Herein, we performed single-cell RNA sequencing (scRNA-seq) analysis on unselected viable cells from 8 human ICCs and adjacent samples to elucidate the comprehensive transcriptomic landscape and intercellular communication network. Additionally, we applied a negative selection strategy to enrich fibroblast populations in 2 other ICC samples to investigate fibroblast diversity. The results of the analyses were validated using multiplex immunofluorescence staining, bulk transcriptomic datasets, and functional in vitro and in vivo experiments.
We sequenced a total of 56,871 single cells derived from human ICC and adjacent tissues and identified diverse tumor, immune, and stromal cells. Malignant cells displayed a high degree of inter-tumor heterogeneity. Moreover, tumor-infiltrating CD4 regulatory T cells exhibited highly immunosuppressive characteristics. We identified 6 distinct fibroblast subsets, of which the majority were CD146-positive vascular cancer-associated fibroblasts (vCAFs), with highly expressed microvasculature signatures and high levels of interleukin (IL)-6. Functional assays indicated that IL-6 secreted by vCAFs induced significant epigenetic alterations in ICC cells, particularly upregulating enhancer of zeste homolog 2 (EZH2) and thereby enhancing malignancy. Furthermore, ICC cell-derived exosomal miR-9-5p elicited high expression of IL-6 in vCAFs to promote tumor progression.
Our single-cell transcriptomic dataset delineates the inter-tumor heterogeneity of human ICCs, underlining the importance of intercellular crosstalk between ICC cells and vCAFs, and revealing potential therapeutic targets.

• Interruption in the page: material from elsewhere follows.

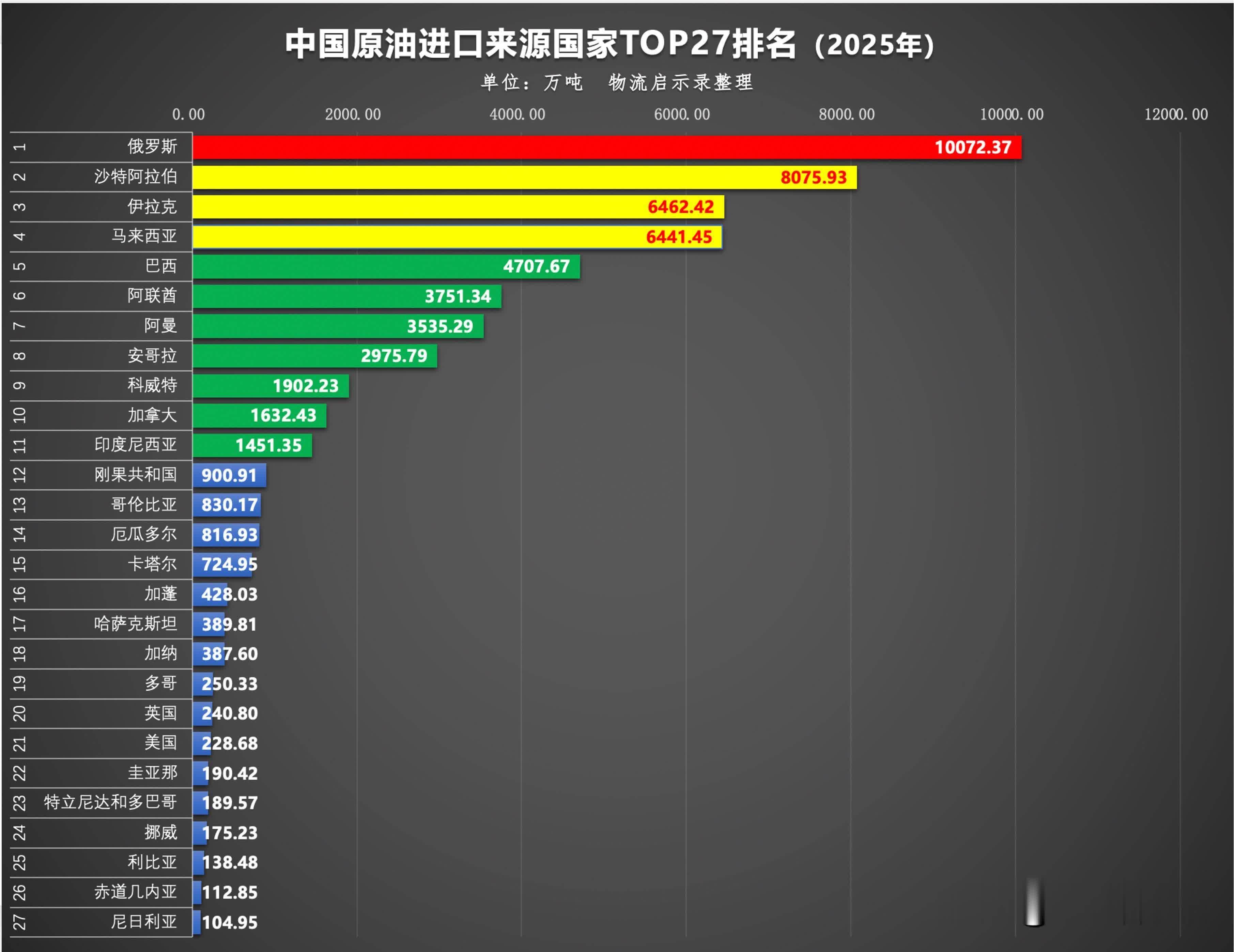 2025年中国原油入口开首国名次TOP27(按数目)

Intrahepatic cholangiocarcinoma is an aggressive and chemoresistant malignancy. Better understanding the complex transcriptional architecture and intercellular crosstalk of these tumors will help in the development of more effective therapies. Herein, we have identified important interactions between cancer cells and cancer-associated fibroblasts in the tumor stroma, which could have therapeutic implications.

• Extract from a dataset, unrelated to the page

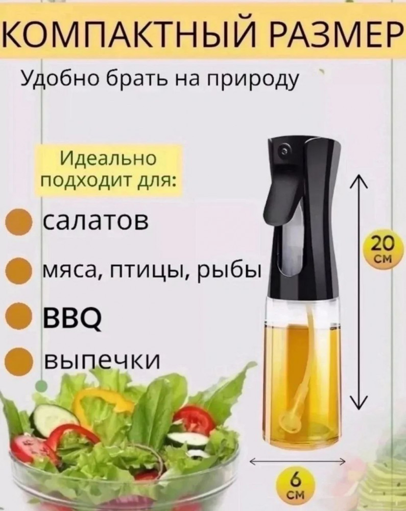 💳 Оплатить за товар можно при получении 🇰🇿 Есть бесплатная доставка по Казахстану 🎁 Копите бонусы с каждой покупки Распылитель для масла, уксуса и соусов. Удобный кухонный распылитель, который позволяет равномерно наносить масло, уксус или соус на продукты. Идеально подходит для жарки, запекания, салатов и гриля. Благодаря тонкому распылению вы экономите ингредиенты и получаете более полезное и лёгкое приготовление блюд. |

肝内胆管癌(ICC)是第二大常见的肝脏恶性肿瘤。ICC 通常具有显著的细胞异质性和密集的基质反应。因此,全面了解细胞多样性以及恶性细胞与生态位细胞之间的相互作用对于阐明驱动 ICC 进展的机制以及开发治疗方法至关重要。
本研究对 8 例人 ICC 及其相邻样本中的未经选择的存活细胞进行了单细胞 RNA 测序(scRNA-seq)分析,以阐明全面的转录组景观和细胞间通讯网络。此外,我们应用负选择策略富集了另外 2 例 ICC 样本中的成纤维细胞群体,以研究成纤维细胞的多样性。通过多重免疫荧光染色、批量转录组数据集以及体外和体内功能实验对分析结果进行了验证。
我们总共对源自人 ICC 和相邻组织的 56871 个单细胞进行了测序,鉴定出了多种肿瘤、免疫和基质细胞。恶性细胞表现出高度的肿瘤间异质性。此外,肿瘤浸润性 CD4 调节性 T 细胞表现出高度的免疫抑制特征。我们鉴定出 6 种不同的成纤维细胞亚群,其中大多数为 CD146 阳性血管癌相关成纤维细胞(vCAFs),具有高度表达的微血管特征和高水平的白细胞介素(IL)-6。功能测定表明,vCAFs 分泌的 IL-6 可诱导 ICC 细胞发生显著的表观遗传学改变,特别是上调增强子结合蛋白 2(EZH2),从而增强恶性程度。此外,ICC 细胞衍生的外泌体 miR-9-5p 可诱导 vCAFs 中 IL-6 的高表达,从而促进肿瘤进展。
我们的单细胞转录组数据集描绘了人 ICC 的肿瘤间异质性,强调了 ICC 细胞与 vCAFs 之间细胞间相互作用的重要性,并揭示了潜在的治疗靶点。
肝内胆管癌是一种侵袭性和化疗耐药性的恶性肿瘤。更好地了解这些肿瘤的复杂转录结构和细胞间相互作用将有助于开发更有效的治疗方法。在此,我们鉴定了肿瘤基质中癌细胞与癌相关成纤维细胞之间的重要相互作用,这可能具有治疗意义。